HOME SWEET HOME

It was meant to bee

Rita_Murphy_085-01-01-01-slider
Rita_Murphy_107-slider
Rita_Murphy_044-01-slider
Rita_Murphy_066-01-slider
Rita_Murphy_074-01-slider
previous arrow
next arrow

 

IF AT FIRST YOU DON’T SUCCEED…

Early in June, Rita Murphy and a neighbor donned their beekeeping suits and headed out to the tree where a swarm of bees had alighted. They shook the branch once, and a group of bees fell on them. They shook it twice, and more bees clustered around. On the third try, the queen bee found her way into the waiting hive, and the bees slowly followed.

“It’s kind of like being at a birth, the energy [of a swarm finding a new home],” Rita explains.

And like their bee swarm, Rita and her husband, Ed Havard, found their home four years ago, when they became first-time homebuyers working through the Champlain Housing Trust’s Shared Equity Program.

Rita and Ed both grew up in New York, and met while in college in Syracuse. They married and traveled around before settling in Vermont in 1991. They and their son lived in rentals for many years, but when their Burlington landlord decided to sell their home in 2011, they decided it was time to look for a place of their own – one where they could stay for years, build equity and paint the walls whatever color they wanted.

At first they tried the traditional route, touring homes for sale with a realtor. However, they soon found that homes in their price range either needed of a lot of work or were small and not in the location they hoped for. Discouraged and running out of time, they took a different tack – they sat down and imagined instead what they would love to find. Their dream home: one in Charlotte, by the lake.
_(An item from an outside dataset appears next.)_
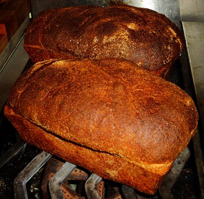 Bake thebreads for about 30-40 minutes, adding steam to the oven a few times(either with ice cubes or a spray bottle) and rotating the breadsevery ten minutes. The breads are done when they are dark brown andsound hollow when tapped upon. Remove the breads from their pans andallow them to cook on a wire rack for at least 10 minutes beforeslicing.
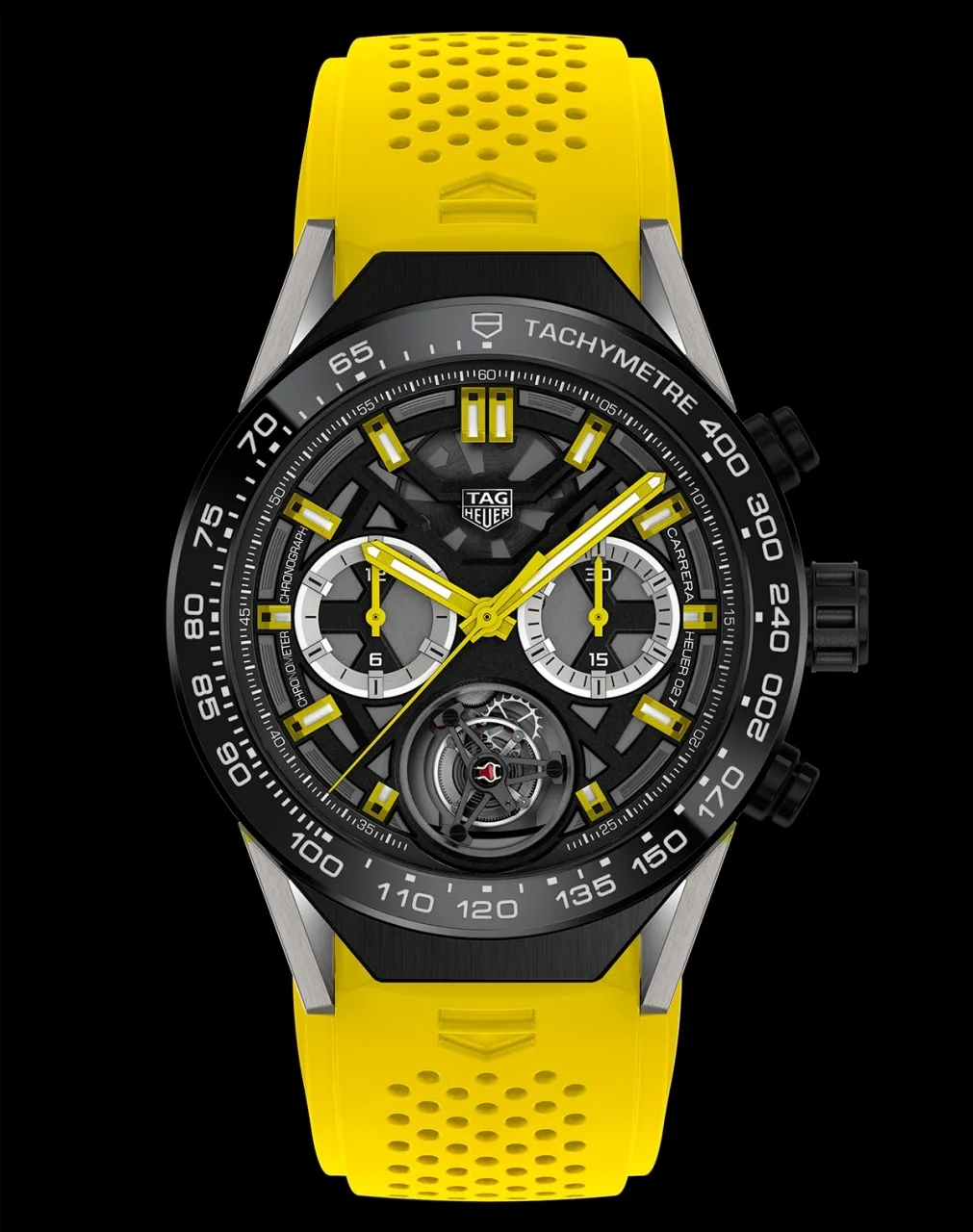 The Connected Modular 45 is powered by an Intel® Atom™ processor Z34XX series running Android WearTM 2.0 while the Heuer 02-T Module runs on in-house Calibre HEUER–02T. The COSC-certified Tourbillon can be seen through the skeletonized dial particularly the column wheel and the titanium tourbillon cage. It also cranks out over 65 hours of power reserve. Both modules wear on either black or yellow perforated rubber strap with removable titanium Grade 2 folding clasp and safety push-buttons with satin finish.

During that busy summer, they moved out of their Burlington apartment and began housesitting for friends who were temporarily out of town. Coincidentally, those friends owned a CHT Shared Equity home.

“It was kind-of a miracle how it all happened,” Rita says. At her friend’s urging, she went on the CHT web site and saw a property in Charlotte advertised. She immediately was drawn to it.

The couple attended the one-hour Shared Equity Program informational meeting, then the all-day workshop which gave them “realistic and honest” advice and practical steps. They quickly went through the rest of the process (“we were really motivated!” Rita laughs) so that by the end of August they were ready to buy.

When they purchased in 2011, the median home price in Charlotte was $430,000, a price that was way out of reach for Rita and Ed. Through the CHT program, however, they were able to purchase their dream home at an affordable price and now have an affordable mortgage. After CHT’s down payment grant, the $190,000 market price of the home was reduced to just $141,000, the amount they had to mortgage.

They moved into their house in the end of September, on the same day that the friends they had been housesitting for returned from their trip.

“It’s our first home, our starter home, our second home, our vacation home, our retirement home,” Rita says. “It was meant to be.”

And one of her first projects as a homeowner: painting a wall orange. Rita and Ed – and their bees – had found a place to call home.